Write out the line that holds "Use glass shelves" together with every line that follows it to the end of the material below, exactly. Omit the pictures.

+++ The records

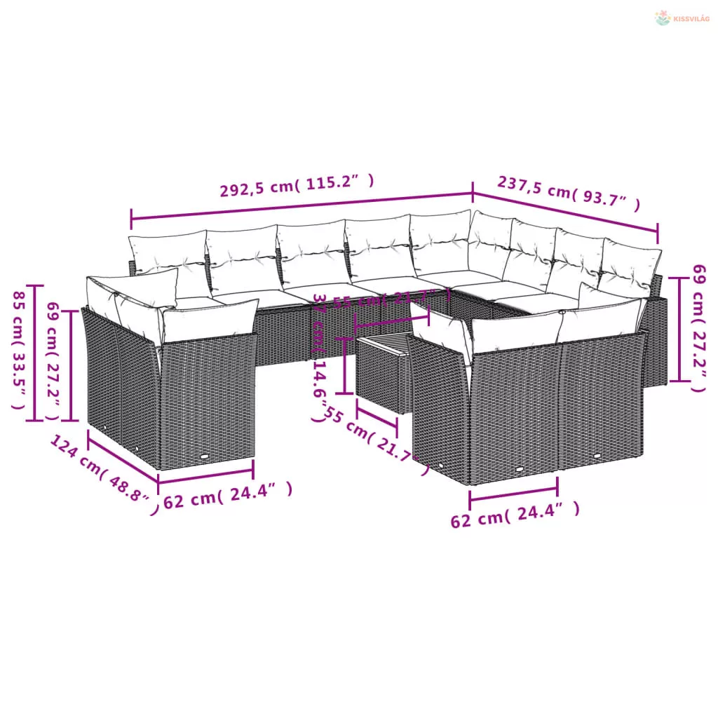 13 részes szürke polyrattan kerti ülőgarnitúra párnákkal
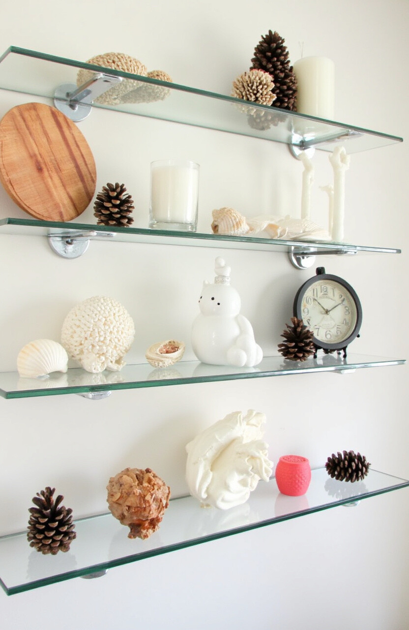 Use glass shelves to change your decor with the seasons. In winter, display pinecones and small ornaments. In summer, switch to seashells and bright colors.
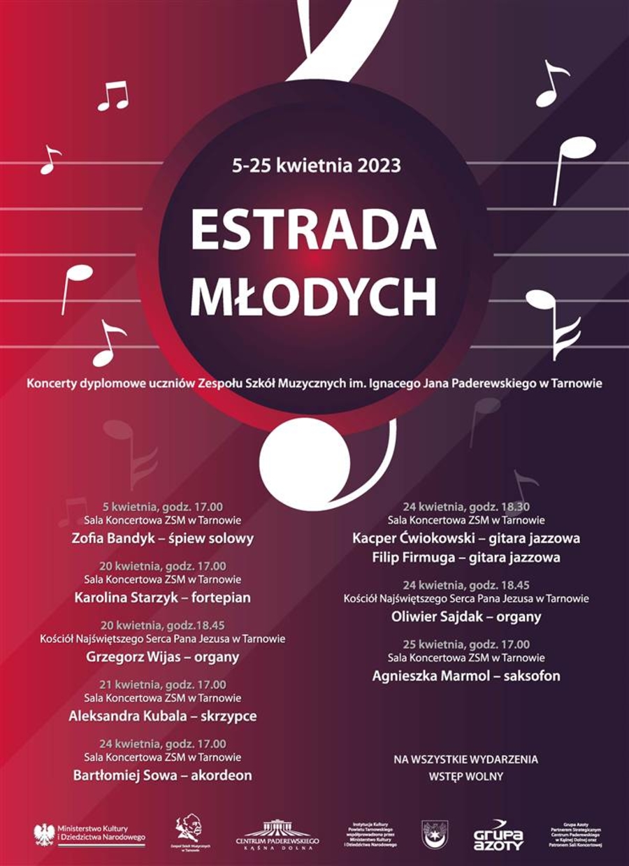 W dniach od 5-25 kwietnia br. uczniowie Zespołu Szkół Muzycznych w Tarnowie wykażą się swoim talentem na scenie podczas swoich koncertów dyplomowych. Wstęp na wydarzenia jest wolny.
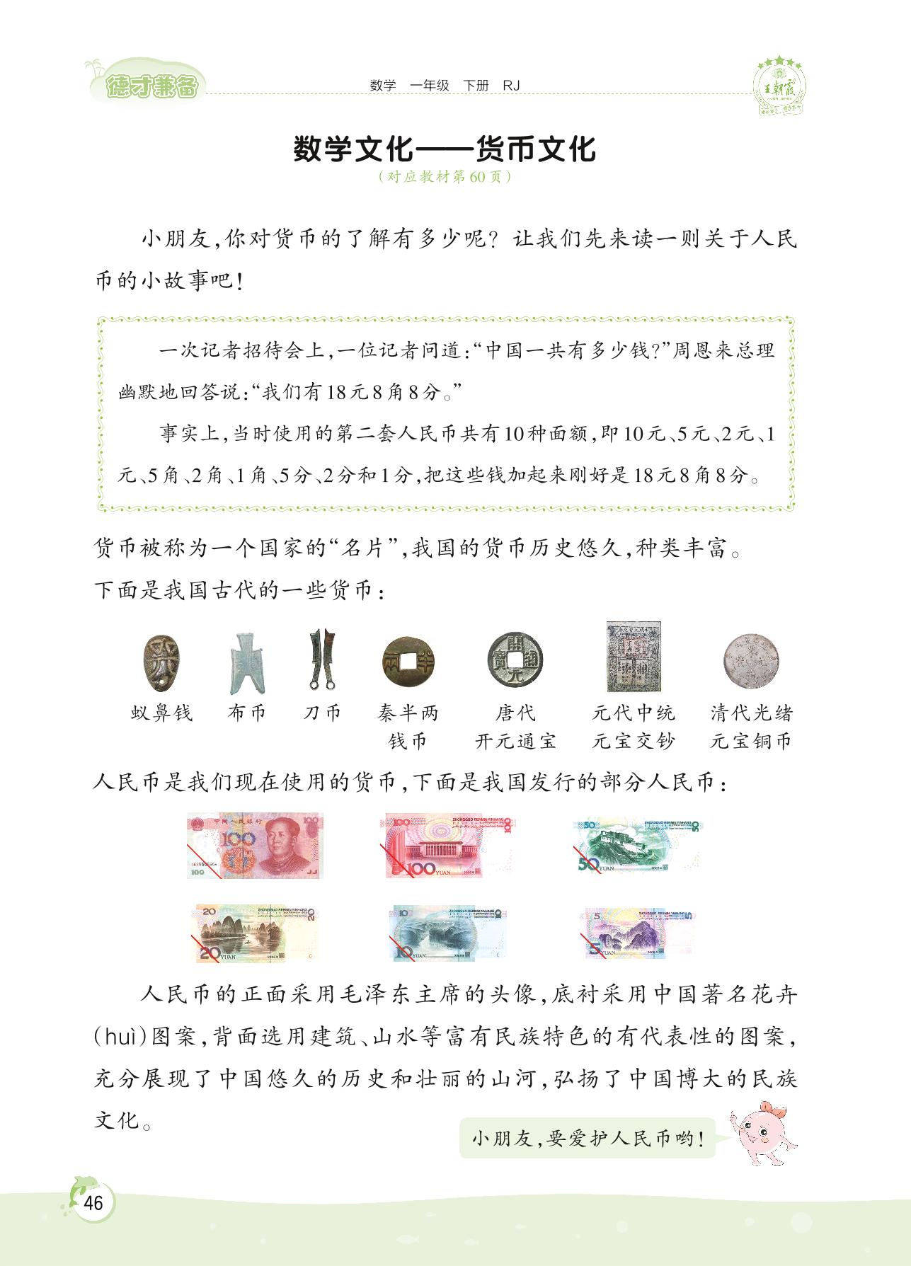 2022下册一年级数学人教版 第五单元——数学文化 货币文化
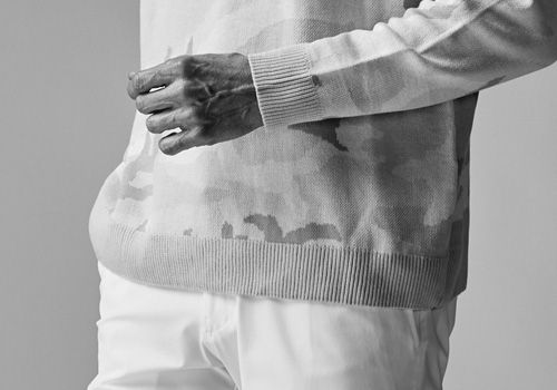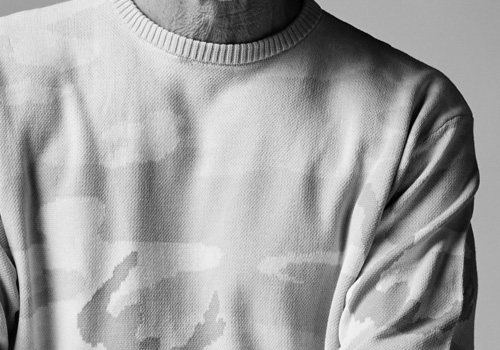 ダブルジャガードで編み立てる事で、AKMオリジナルのウッドランドカモ柄を表現しつつ、伸縮性がありしなやかな風合いに仕上げています。
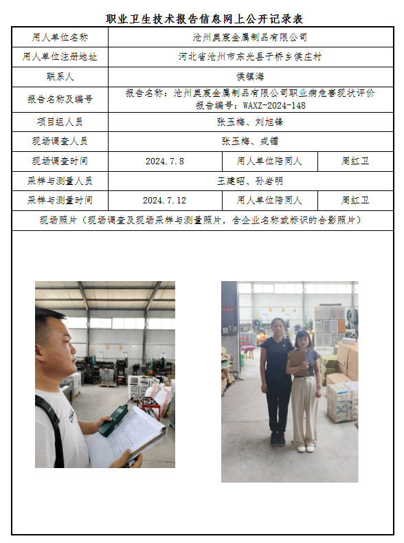 沧州奥宸金属制品有限公司职业病危害现状评价

++++++

— Reply to the task —
 Use glass shelves to change your decor with the seasons. In winter, display pinecones and small ornaments. In summer, switch to seashells and bright colors.
 W dniach od 5-25 kwietnia br. uczniowie Zespołu Szkół Muzycznych w Tarnowie wykażą się swoim talentem na scenie podczas swoich koncertów dyplomowych. Wstęp na wydarzenia jest wolny.
 2022下册一年级数学人教版 第五单元——数学文化 货币文化
 ダブルジャガードで編み立てる事で、AKMオリジナルのウッドランドカモ柄を表現しつつ、伸縮性がありしなやかな風合いに仕上げています。
 沧州奥宸金属制品有限公司职业病危害现状评价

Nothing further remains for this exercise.